TASK INPUT:
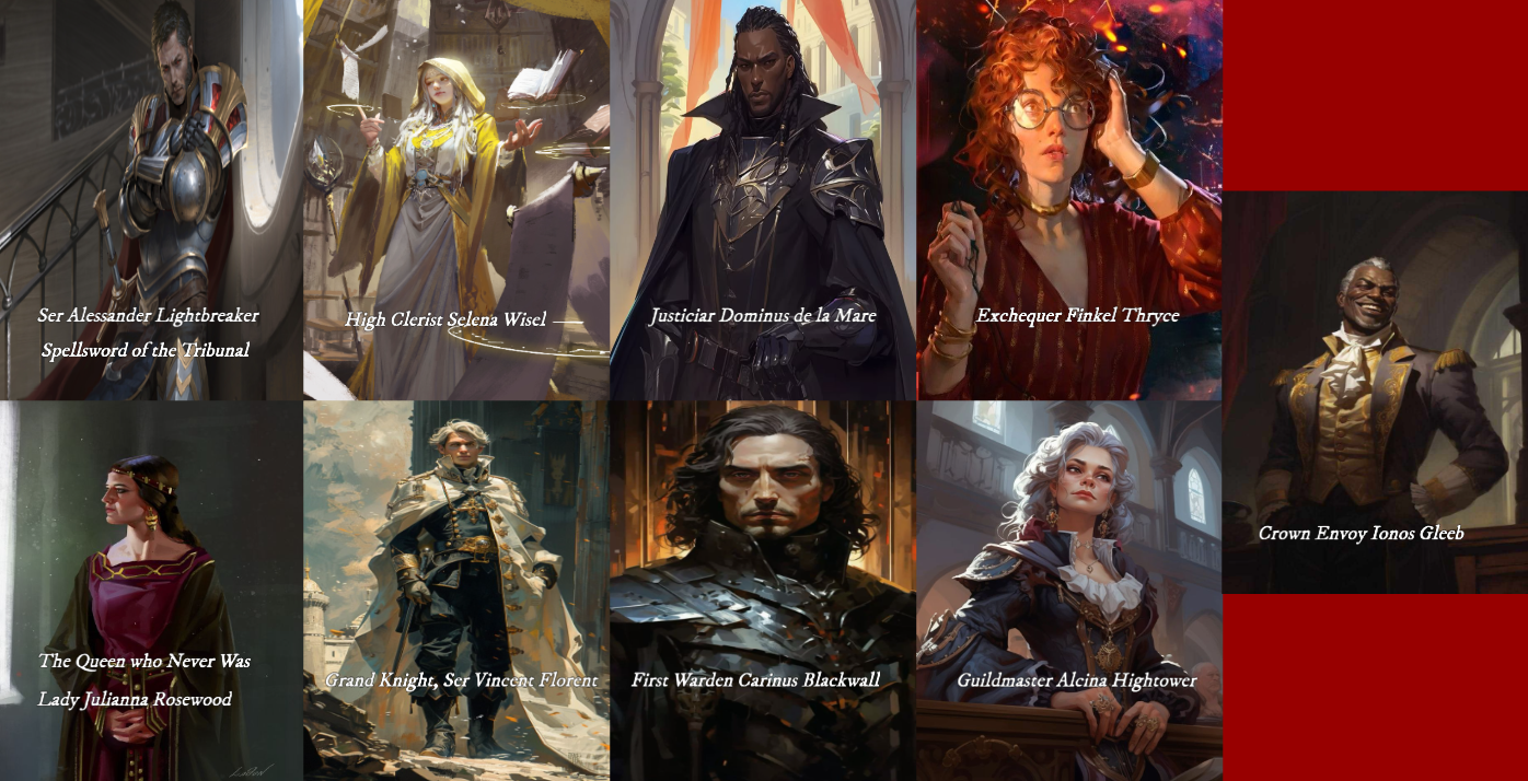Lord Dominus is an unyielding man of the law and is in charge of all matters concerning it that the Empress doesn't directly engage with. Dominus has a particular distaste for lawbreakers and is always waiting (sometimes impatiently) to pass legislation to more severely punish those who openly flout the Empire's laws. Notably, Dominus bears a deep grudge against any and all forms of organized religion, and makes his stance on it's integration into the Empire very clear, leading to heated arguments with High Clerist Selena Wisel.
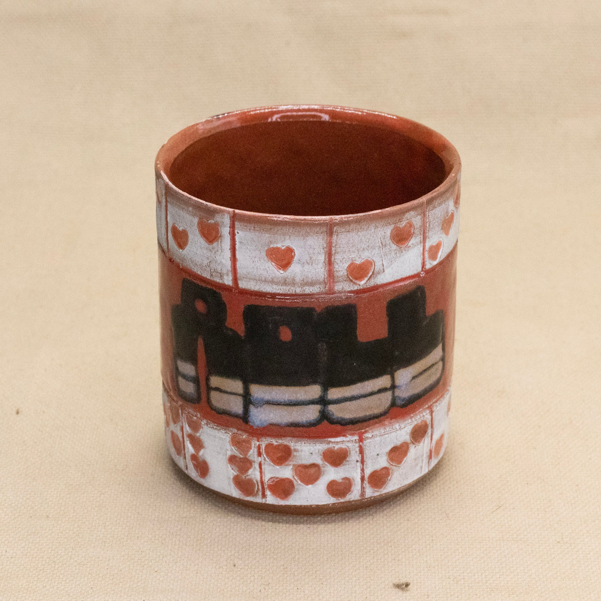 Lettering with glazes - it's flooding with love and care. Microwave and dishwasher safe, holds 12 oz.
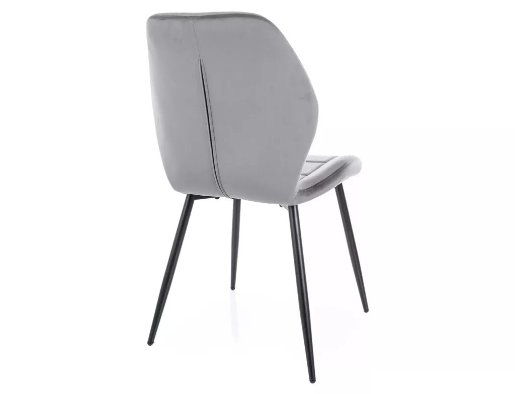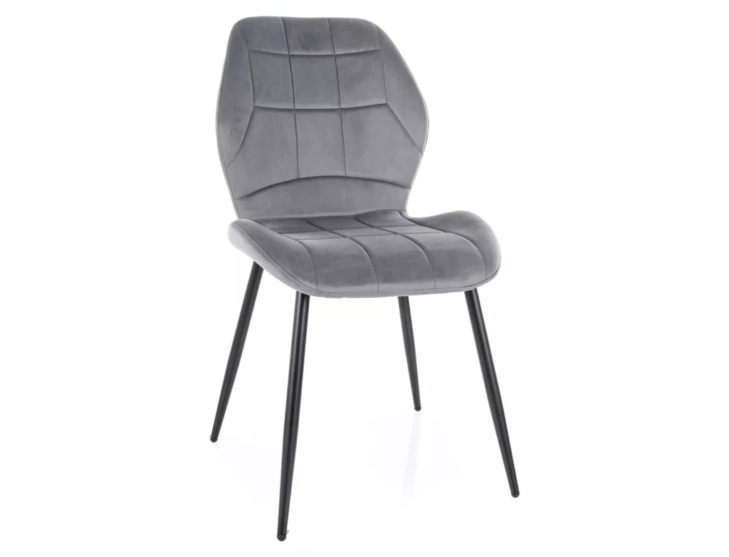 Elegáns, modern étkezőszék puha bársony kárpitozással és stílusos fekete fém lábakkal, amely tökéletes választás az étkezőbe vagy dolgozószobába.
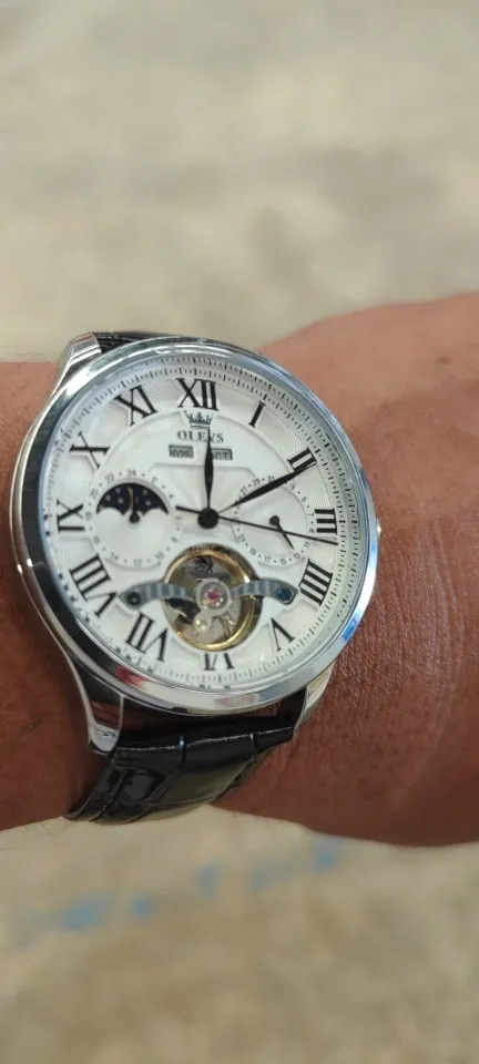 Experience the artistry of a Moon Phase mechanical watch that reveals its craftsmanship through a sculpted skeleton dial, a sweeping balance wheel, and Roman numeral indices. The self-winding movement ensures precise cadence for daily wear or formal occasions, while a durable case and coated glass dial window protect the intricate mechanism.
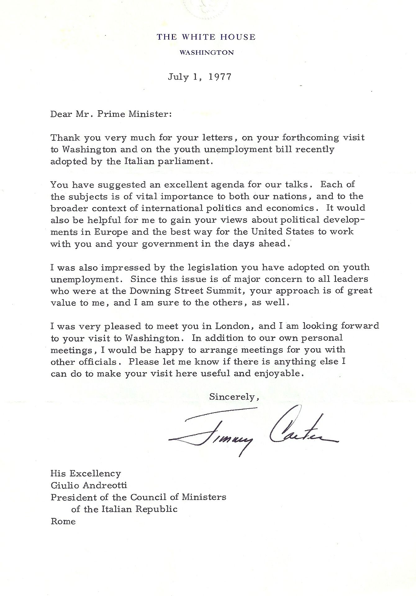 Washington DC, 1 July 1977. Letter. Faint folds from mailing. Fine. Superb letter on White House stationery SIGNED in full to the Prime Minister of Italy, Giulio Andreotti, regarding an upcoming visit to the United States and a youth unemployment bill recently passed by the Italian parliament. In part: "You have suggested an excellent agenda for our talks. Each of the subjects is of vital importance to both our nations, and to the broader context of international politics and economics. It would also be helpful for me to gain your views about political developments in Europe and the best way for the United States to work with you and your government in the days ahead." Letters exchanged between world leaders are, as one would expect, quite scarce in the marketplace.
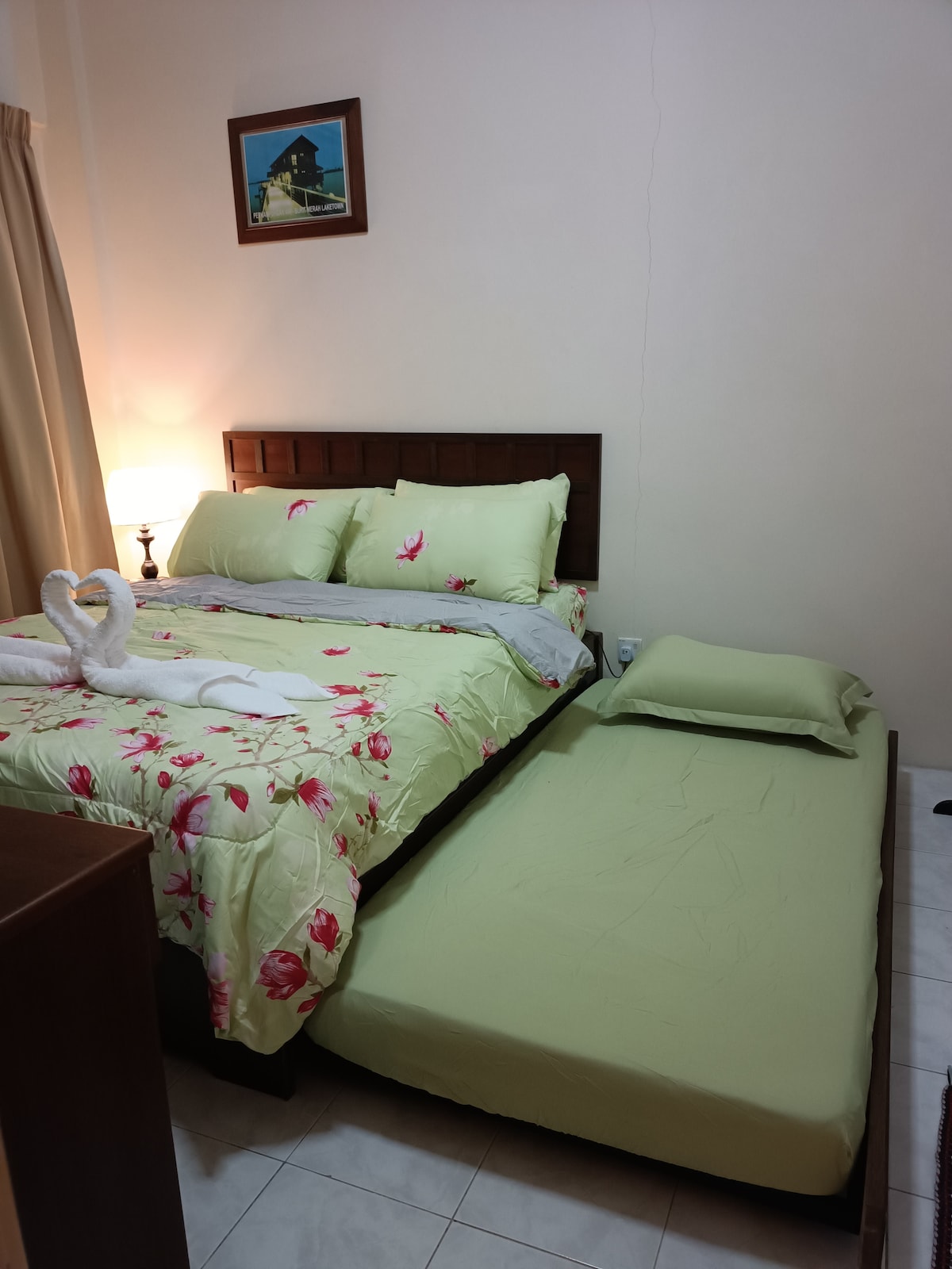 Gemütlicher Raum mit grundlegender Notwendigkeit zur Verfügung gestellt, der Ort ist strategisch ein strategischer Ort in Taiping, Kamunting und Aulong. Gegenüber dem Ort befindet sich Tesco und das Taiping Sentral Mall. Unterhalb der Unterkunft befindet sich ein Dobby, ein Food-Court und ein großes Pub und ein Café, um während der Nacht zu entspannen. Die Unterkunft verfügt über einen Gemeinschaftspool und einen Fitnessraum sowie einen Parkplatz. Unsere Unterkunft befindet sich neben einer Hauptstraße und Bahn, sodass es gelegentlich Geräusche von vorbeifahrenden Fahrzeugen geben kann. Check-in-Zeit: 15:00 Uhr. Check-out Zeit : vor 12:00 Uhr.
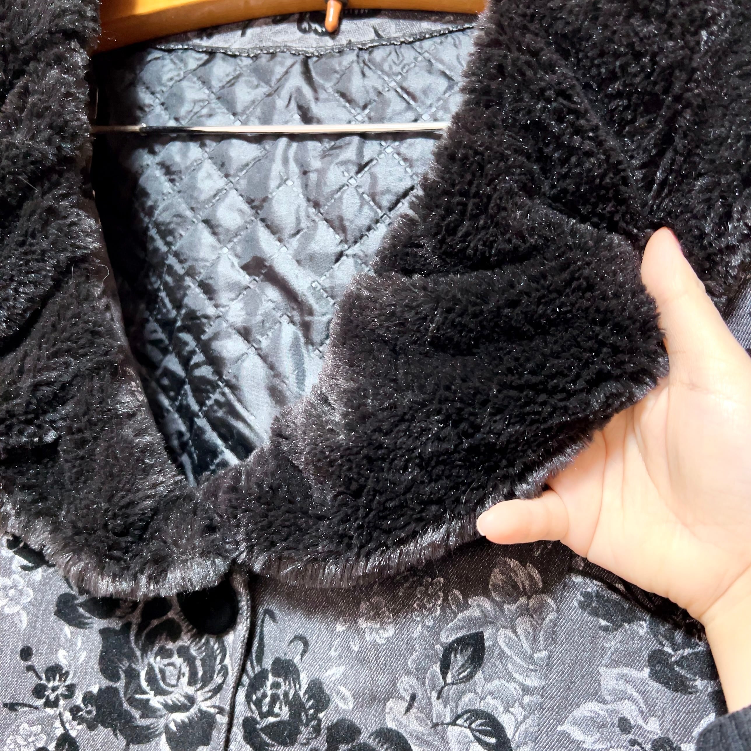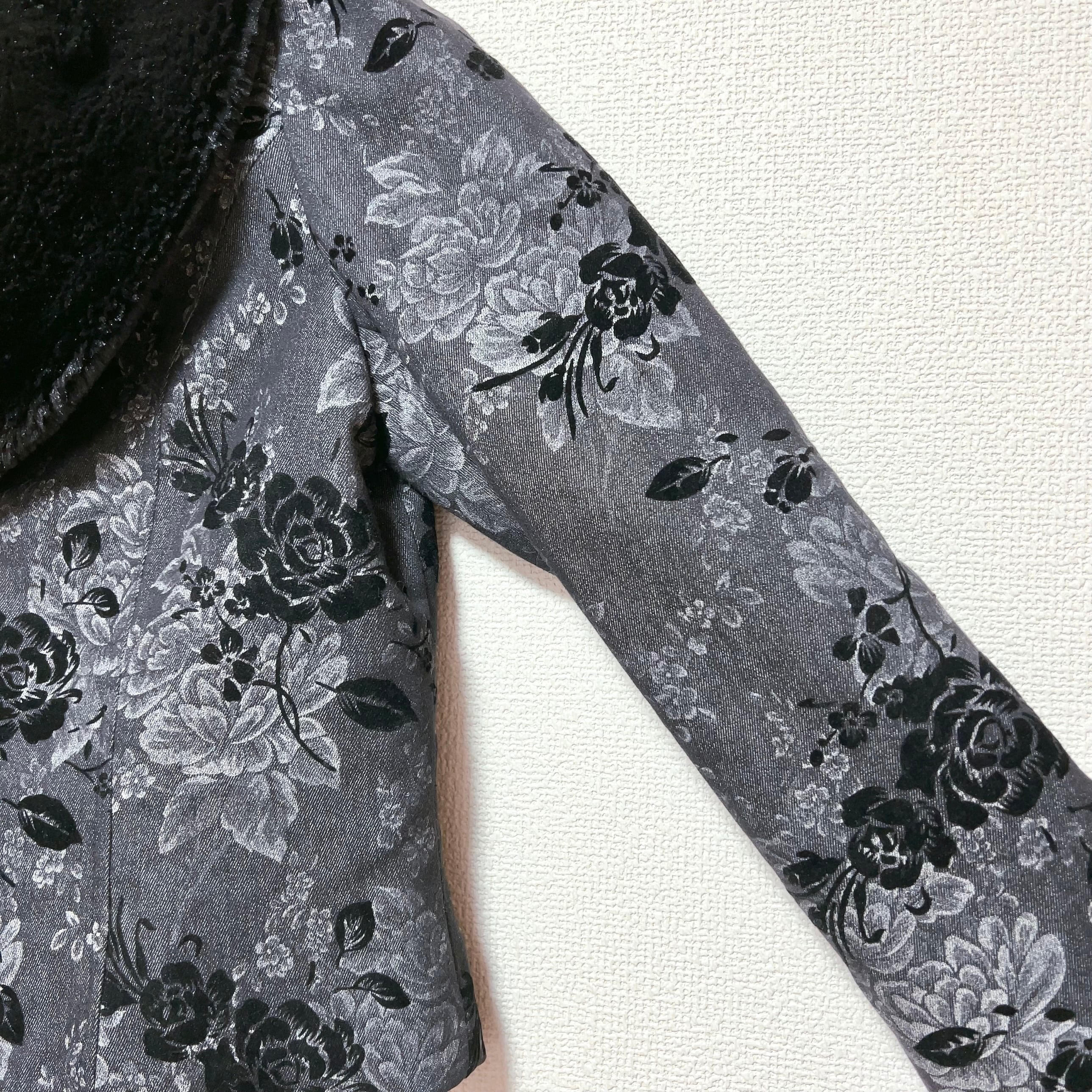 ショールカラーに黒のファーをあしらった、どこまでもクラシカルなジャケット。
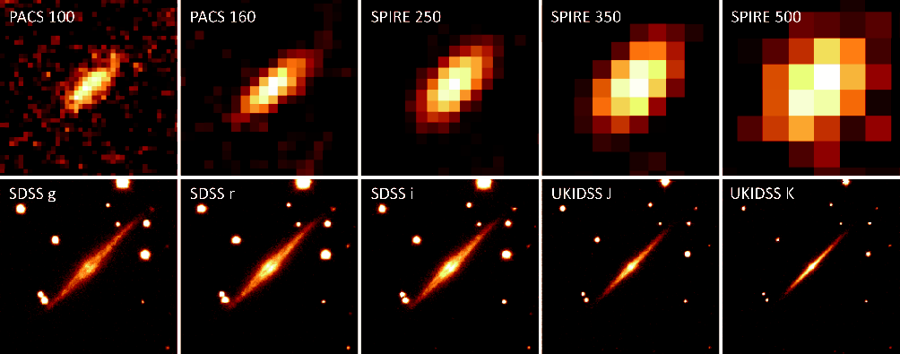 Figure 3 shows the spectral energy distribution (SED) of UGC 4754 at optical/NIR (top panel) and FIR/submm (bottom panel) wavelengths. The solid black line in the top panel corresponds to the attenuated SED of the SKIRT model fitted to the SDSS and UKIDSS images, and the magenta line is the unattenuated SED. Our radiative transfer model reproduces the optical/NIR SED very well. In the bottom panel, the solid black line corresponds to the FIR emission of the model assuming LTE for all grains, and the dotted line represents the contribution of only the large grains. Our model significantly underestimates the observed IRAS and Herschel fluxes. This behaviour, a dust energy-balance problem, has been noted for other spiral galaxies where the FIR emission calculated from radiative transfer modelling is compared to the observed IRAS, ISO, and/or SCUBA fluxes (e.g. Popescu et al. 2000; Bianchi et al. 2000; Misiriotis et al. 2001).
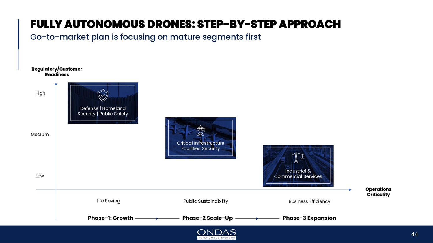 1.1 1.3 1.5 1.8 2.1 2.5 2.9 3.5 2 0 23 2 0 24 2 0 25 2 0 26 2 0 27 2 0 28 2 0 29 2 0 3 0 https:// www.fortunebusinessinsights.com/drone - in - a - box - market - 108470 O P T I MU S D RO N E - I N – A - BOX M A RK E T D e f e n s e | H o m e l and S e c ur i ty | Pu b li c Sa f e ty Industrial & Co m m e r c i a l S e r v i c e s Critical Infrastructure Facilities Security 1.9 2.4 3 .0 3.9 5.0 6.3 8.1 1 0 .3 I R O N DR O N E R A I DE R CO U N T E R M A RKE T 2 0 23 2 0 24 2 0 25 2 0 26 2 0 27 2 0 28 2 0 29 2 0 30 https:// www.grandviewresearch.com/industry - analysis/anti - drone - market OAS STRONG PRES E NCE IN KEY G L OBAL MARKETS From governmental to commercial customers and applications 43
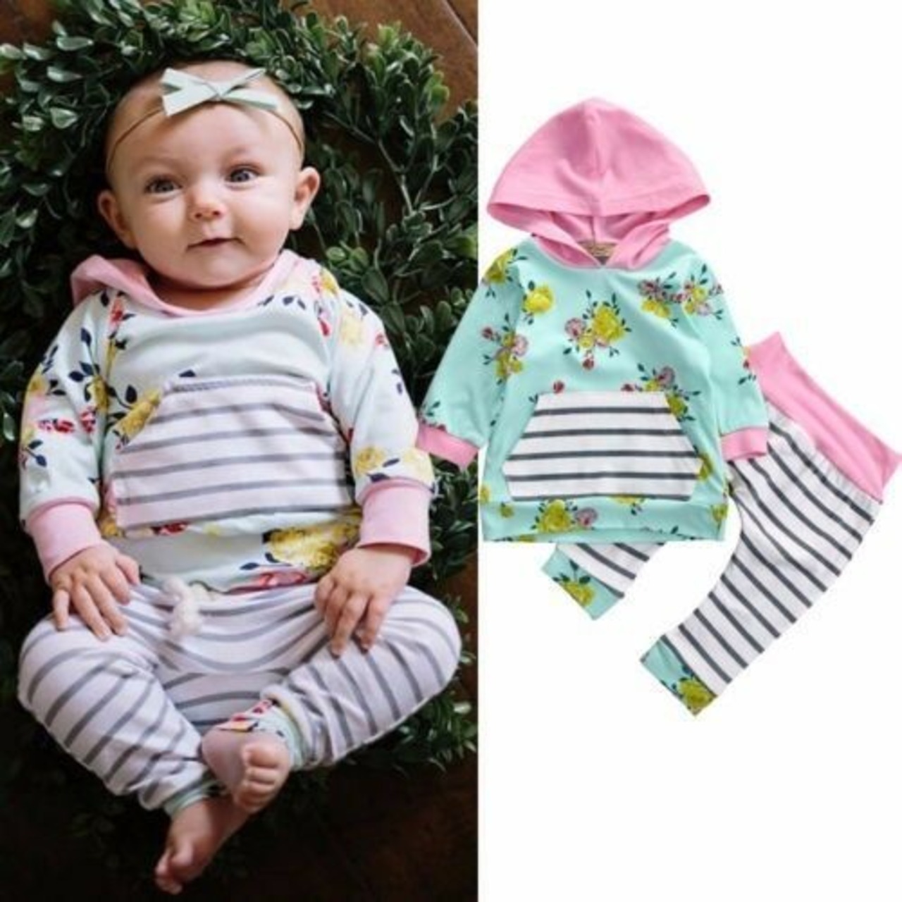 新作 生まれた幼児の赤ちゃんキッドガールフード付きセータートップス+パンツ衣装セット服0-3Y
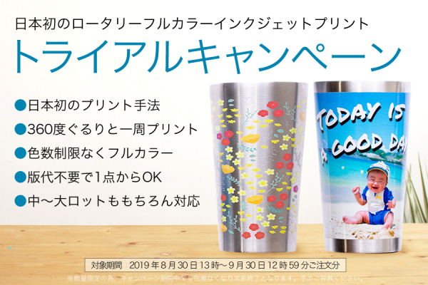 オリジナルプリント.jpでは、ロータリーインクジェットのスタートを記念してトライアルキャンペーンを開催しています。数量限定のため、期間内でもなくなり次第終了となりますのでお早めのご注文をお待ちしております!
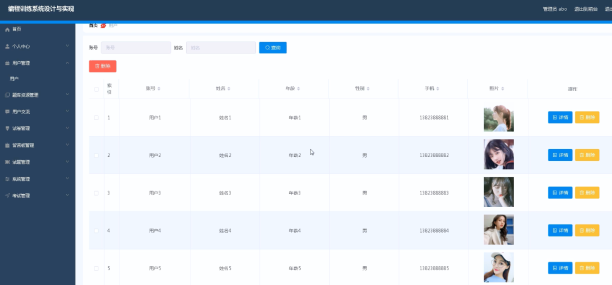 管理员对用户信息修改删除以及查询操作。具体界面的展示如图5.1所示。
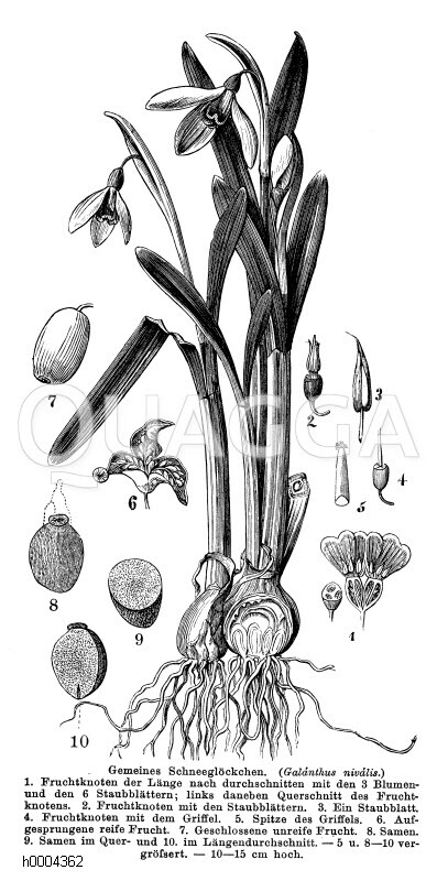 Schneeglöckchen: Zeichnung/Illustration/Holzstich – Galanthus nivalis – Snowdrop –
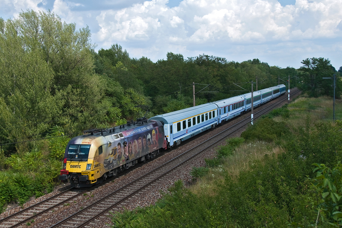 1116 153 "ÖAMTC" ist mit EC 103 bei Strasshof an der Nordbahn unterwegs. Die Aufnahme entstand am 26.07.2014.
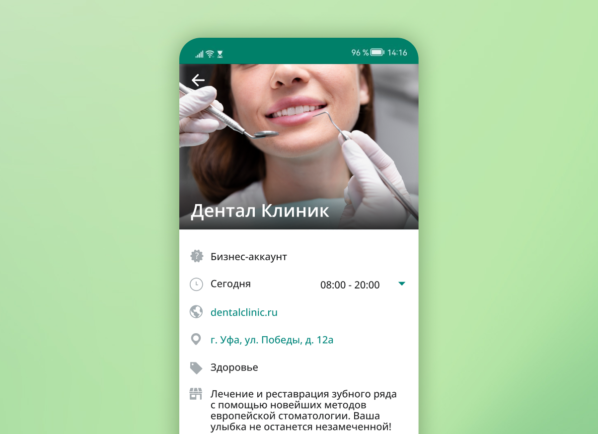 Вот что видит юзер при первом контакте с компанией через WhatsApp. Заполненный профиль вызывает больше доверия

WHAT IS NEEDED: When you reach the line that has "新作 生まれた幼児の赤ちゃん" in the data above, start repeating lines exactly, and stop after the line that has "Schneeglöckchen: Zeichnung/Illustration/Holzstich –"; pictures stay out.

SOLVED EXERCISE:
 新作 生まれた幼児の赤ちゃんキッドガールフード付きセータートップス+パンツ衣装セット服0-3Y
 オリジナルプリント.jpでは、ロータリーインクジェットのスタートを記念してトライアルキャンペーンを開催しています。数量限定のため、期間内でもなくなり次第終了となりますのでお早めのご注文をお待ちしております!
 管理员对用户信息修改删除以及查询操作。具体界面的展示如图5.1所示。
 Schneeglöckchen: Zeichnung/Illustration/Holzstich – Galanthus nivalis – Snowdrop –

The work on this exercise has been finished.